Prime submodule equivalence statement

Question

By a prime submodule $P$ of an $R$-module $M$ we mean, $P\neq M $ and for every ideal $I$ of $R$ and every submodule $N$ of $M$, if $IN\subseteq P$ , then either $N\subseteq P$ or $IM\subseteq P$.

Let $P$ be a proper submodule of $M$ with $P:M=\operatorname{Ann}(M/P)=N$. Then $P$ is a prime submodule of $M$ if and only if $M/P$ is a torsion-free $R/N$-module.

My questions: $1.$ Can anyone help me to prove the previous equivalences?

$2.$ Is it true for any ring or for commutative rings only?

Thanks in advance

Answer 1

$\DeclareMathOperator\Tor{Tor}\DeclareMathOperator\Ann{Ann}$ I think your statement is false, but it can be corrected as follows:

Let $R$ be a commutative ring with unit, $M$ be an $R$-module, $P\subset M$ be an $R$-submodule and $\mathfrak p=\Ann_R(M/P)$. Then $P$ is a prime submodule of $M$ if and only if $\mathfrak p$ is a prime ideal and $\Tor_{R/\mathfrak p}(M/P)=\{0\}$.

Assume $P$ to be a prime $R$-submodule.
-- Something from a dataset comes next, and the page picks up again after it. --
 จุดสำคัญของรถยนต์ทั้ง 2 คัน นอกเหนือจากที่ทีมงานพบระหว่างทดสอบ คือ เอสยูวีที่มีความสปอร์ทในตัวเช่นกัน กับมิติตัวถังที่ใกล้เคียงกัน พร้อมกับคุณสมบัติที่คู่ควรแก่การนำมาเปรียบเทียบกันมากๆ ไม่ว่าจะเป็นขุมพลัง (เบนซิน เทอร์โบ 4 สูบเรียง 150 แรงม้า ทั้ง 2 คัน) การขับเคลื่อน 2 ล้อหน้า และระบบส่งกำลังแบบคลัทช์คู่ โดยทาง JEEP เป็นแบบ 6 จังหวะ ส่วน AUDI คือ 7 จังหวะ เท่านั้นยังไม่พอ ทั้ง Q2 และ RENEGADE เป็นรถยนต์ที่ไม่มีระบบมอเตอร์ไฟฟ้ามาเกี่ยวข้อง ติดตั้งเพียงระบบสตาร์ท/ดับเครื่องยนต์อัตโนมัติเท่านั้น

Then $\mathfrak p=\Ann_R(M/P)$ is a prime ideal in $R$. For let $a,b\in R$ such that $ab\in\mathfrak p$ so that $Mab\subseteq P$. Then $Ma\subseteq M$, $bR\subseteq R$ and $(Ma)(bR)\subseteq Mab\subseteq P$. Since $P$ is prime, we have $Ma\subseteq P$ or $M(bR)=Mb\subseteq P$ that's $a\in\mathfrak p$ or $b\in\mathfrak p$.
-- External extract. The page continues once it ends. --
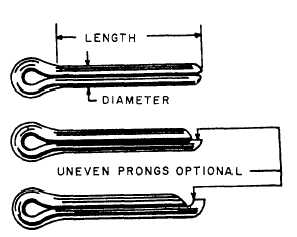 Figure 2-57.Types of cotter pins. AIRCRAFT SAFETYING METHODS Learning Objective: Identify the various safety methods used on aircraft hardware.You will come in contact with many different types of safetying materials. These materials are used to stop rotation and other movement of fasteners. They are also used to secure other equipment that may come loose due to vibration in the aircraft. COTTER PINS Cotter pins are used to secure bolts, screws, nuts, and pins. Some cotter pins are made of low-carbon steel, while others consist of stainless steel and are more resistant to corrosion. Also, stainless steel cotter pins may be used in locations where nonmagnetic material is required. Regardless of shape or material, all cotter pins are used for the same general purposesafetying. Figure 2-57 shows three types of cotter pins and how their size is determined.NOTE: Whenever uneven prong cotter pins are used, the length measurement is to the end of the shortest prong. |

Let $P$ be a prime submodule of $M$ and $x\in M$ such that $x+P\in\Tor_{R/\mathfrak p}(M/P)$. Then there exists $r$ such that $(x+P)(r+\mathfrak p)=0\in M/P$ and $r+\mathfrak p\neq 0$ in $R/\mathfrak p$. We have $xr\in P$. Let $N=rR$ and $\mathfrak a=rR$. Then $N\mathfrak a=xrR\subseteq P$ hence $N\subseteq P$ or $M\mathfrak a\subseteq P$. In the first case, $x\in P$ that's $x+P=0\in M/P$. On the other hand, if $Mr\subseteq P$, hence $r\in\Ann_R(M/P)=\mathfrak p$ so that $r+\mathfrak p=0\in R/\mathfrak p$ which is a contradiction. This proves $\Tor_{R/\mathfrak p}(M/P)=\{0\}$.
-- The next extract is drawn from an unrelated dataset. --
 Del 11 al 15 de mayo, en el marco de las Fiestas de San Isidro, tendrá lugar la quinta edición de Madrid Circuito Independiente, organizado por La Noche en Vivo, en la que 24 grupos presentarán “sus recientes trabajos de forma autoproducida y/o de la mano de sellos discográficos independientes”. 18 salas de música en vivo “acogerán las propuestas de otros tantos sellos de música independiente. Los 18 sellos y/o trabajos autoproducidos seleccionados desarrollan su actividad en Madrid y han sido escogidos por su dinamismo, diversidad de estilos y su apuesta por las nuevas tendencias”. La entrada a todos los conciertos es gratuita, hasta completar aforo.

Conversely, let $\mathfrak p=\Ann_R(M/P)$ be a prime ideal in $R$ and $\Tor_{R/\mathfrak p}(M/P)=\{0\}$. Let $N\subseteq M$ be a submodule and $\mathfrak a\subseteq R$ be an ideal such that $N\mathfrak a\subseteq P$ and $N\not\subseteq P$; we have to show $M\mathfrak a\subseteq P$. Let $x\in M$ and $a\in\mathfrak a$. We have $Na\subseteq N\mathfrak a\subseteq P$, hence if $y\in N-P$ we have $ya\in P$, so that $(y+P)(a+\mathfrak p)=0$ in $M/P$. Since $\Tor_{R/\mathfrak p}(M/P)=\{0\}$ and $y+P\neq 0$ in $M/P$ we must have $a+\mathfrak p=0$ in $R/\mathfrak p$, that's $a\in\mathfrak p$. Consequently, $xa\in M\mathfrak p\subseteq P$.

If $R$ is not commutative, $\Ann_R(M/P)$ can be no a two-sided ideal of $R$, hence the assumption $R$-commutative is necessary.